Der ehemalige Bundesbeauftragte für die Stasi-Unterlagen, Joachim Gauck, hat den Entwurf für ein neues Stasi-Unterlagen-Gesetz begrüßt.

25.11.2006

    "Der Bedarf an Stasi-Überprüfungen ist eigentlich gestillt", sagte Gauck. Daher reiche es aus, wenn künftig nur noch höhere Beamte, Politiker, Richter und Sportfunktionäre auf Stasi-Mitarbeit überprüft würden. Schließlich stelle eine solche Überprüfung von Personen einen Eingriff in deren Rechte dar. "Solche Eingriffe müssen verhältnismäßig sein.
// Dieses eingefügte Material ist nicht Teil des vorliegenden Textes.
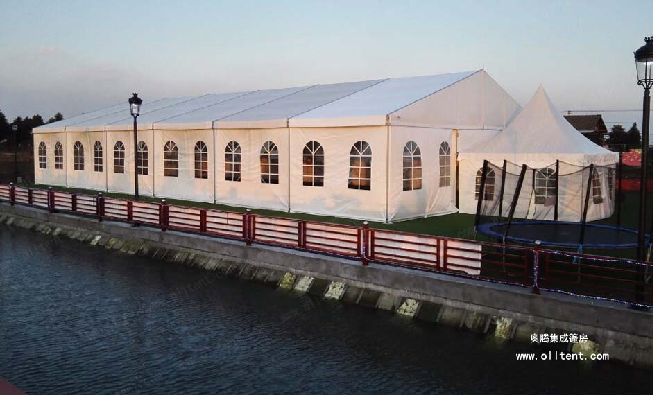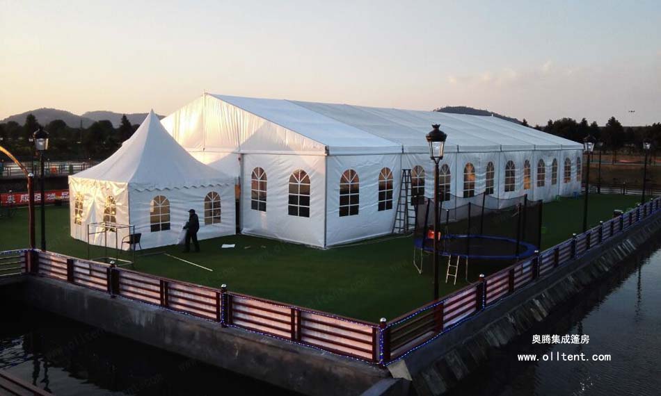 婚禮篷房是一種模塊化建筑,在出貨之前我們會試搭,所以用我們的篷房舉行婚禮宴會是安全的。同時,它也是很有成本效益的,鋁合金婚禮宴會篷房美觀耐用,框架可以使用15年以上,pvc篷布可以用5-8年。我們還會提供精美的天花布幔、燈光、音響、舞臺、桁架、地毯、空調、地板等配件,讓宴會篷房的功能更強大。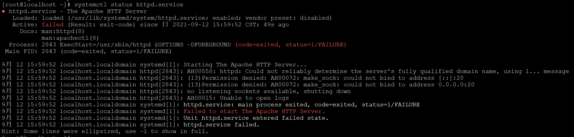 以上就是昏睡麦片最近收集整理的关于Unable to start service httpd: Job for httpd.service failed because the control process exited with的全部内容,更多相关Unable内容请搜索靠谱客的其他文章。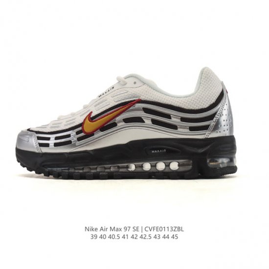 Nike Air Max 97 Se Men's Running Shoes with Cushioning, Thick Sole, Height Increase, and Versatile Performance. Constructed from a combination of fabric and leather, the stitching on the sides features a deconstructed design, with the layering of different materials enhancing the original overlapping lines and creating a distinct sense of depth. Additionally, the extra-large, extra-thick Air unit provides a visually striking impact and a significant height increase. Product Code: Im6647 Sizes: 39-45 (including half sizes) Code: Cvfe0113Zbl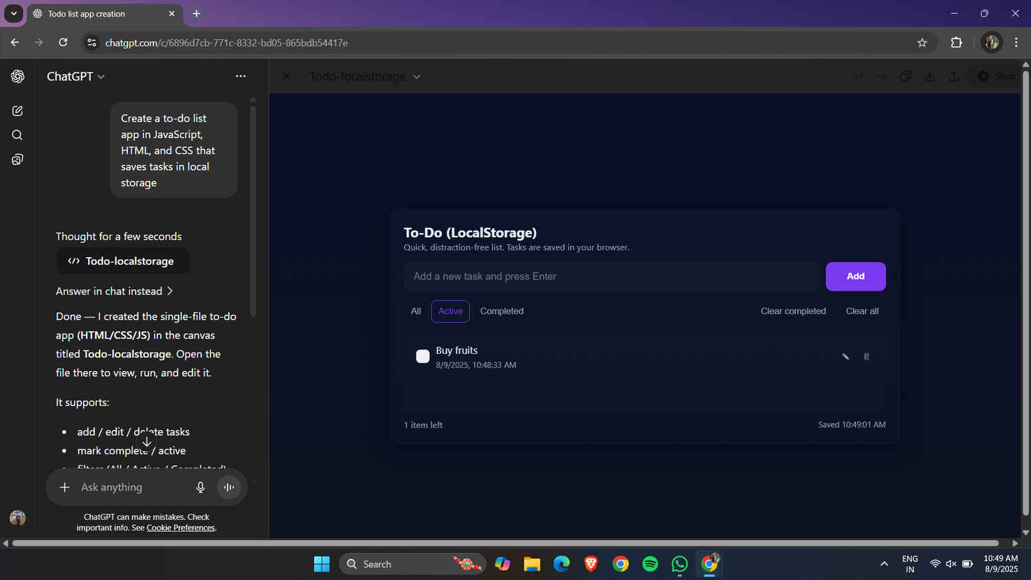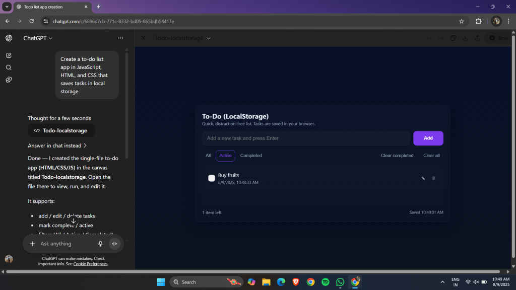 For the third challenge, I decided to go practical: a to-do list web app that stores tasks in local storage so they don’t disappear when you close the browser. GPT-5 gave me exactly that, sort of. I got a clean, minimal interface where I could add and delete tasks instantly. Tasks stayed saved even after refreshing or closing the tab.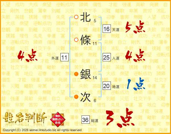 北條銀次さんの総運は36画の3点!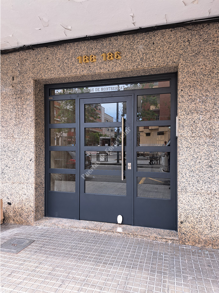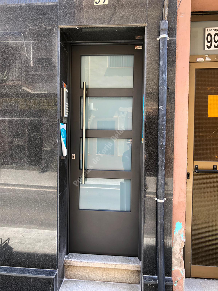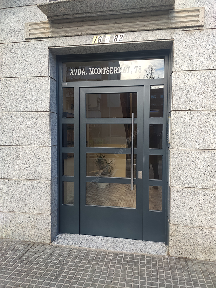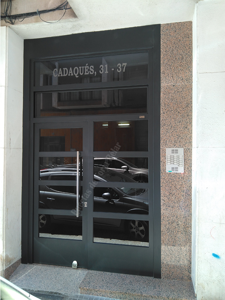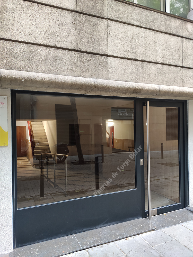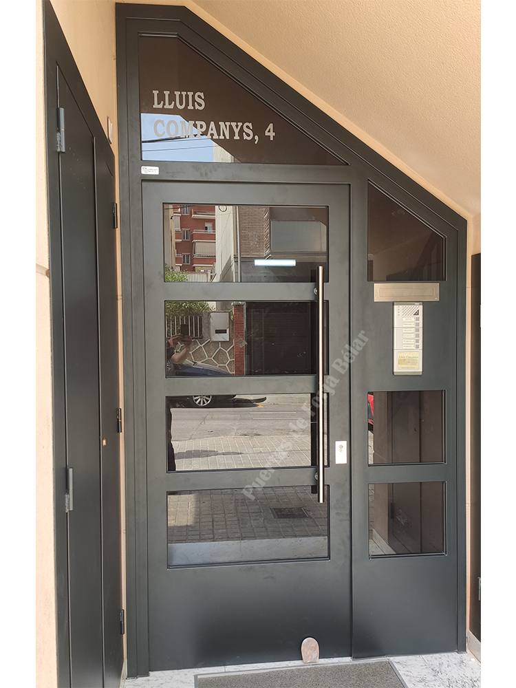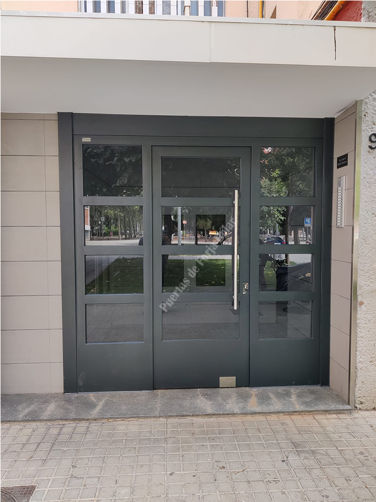 Puerta de comunidad de vecinos de estilo moderno, fabricada con hierro forjado que proporciona gran robustez y una elegancia exquisita. El acristalamiento proporciona mucha luminosidad al interior.

Deswegen hat der Gesetzgeber nach der Wende gesagt, für eine Übergangszeit sei die generelle Überprüfung begründet, denn der öffentliche Dienst sollte nach der langen Diktatur Vertrauen schaffen." Die nun vorgenommene Modifizierung sei maßvoll. "Grundsätzlich zeigt der Staat jedoch, dass eine frühere Stasi-Mitarbeit ein Ausschlussgrund für die höheren Positionen ist. Das Gesetz entwickelt die Aufarbeitung und die kritische Durchleuchtung weiter. Es gibt keinen Anlass zu befürchten, dass ein schleichender Schlussstrich gezogen wird", erläuterte der ehemalige Bundesbeauftragte.

    Auch in Zukunft müsse sich die deutsche Gesellschaft mit der DDR-Vergangenheit auseinandersetzen. "Bei einem Teil der Bevölkerung heißt es wie nach dem Krieg: Augen zu und durch! Das ist leider immer so in Zeiten von Transformation, dass ein Teil nicht genau wissen will, was damals passiert ist. Deshalb auch die Nostalgie und die tiefe Spaltung in der ostdeutschen Bevölkerung." Auch in Westdeutschland beobachte er teilweise eine vorschnelle Bereitschaft, einen Schlussstrich zu ziehen. "Aber insgesamt kann man sagen: Deutschland ist ein Land, in dem historische Prozesse besprochen und aufgearbeitet werden", betonte Gauck heute früh im Deutschlandfunk.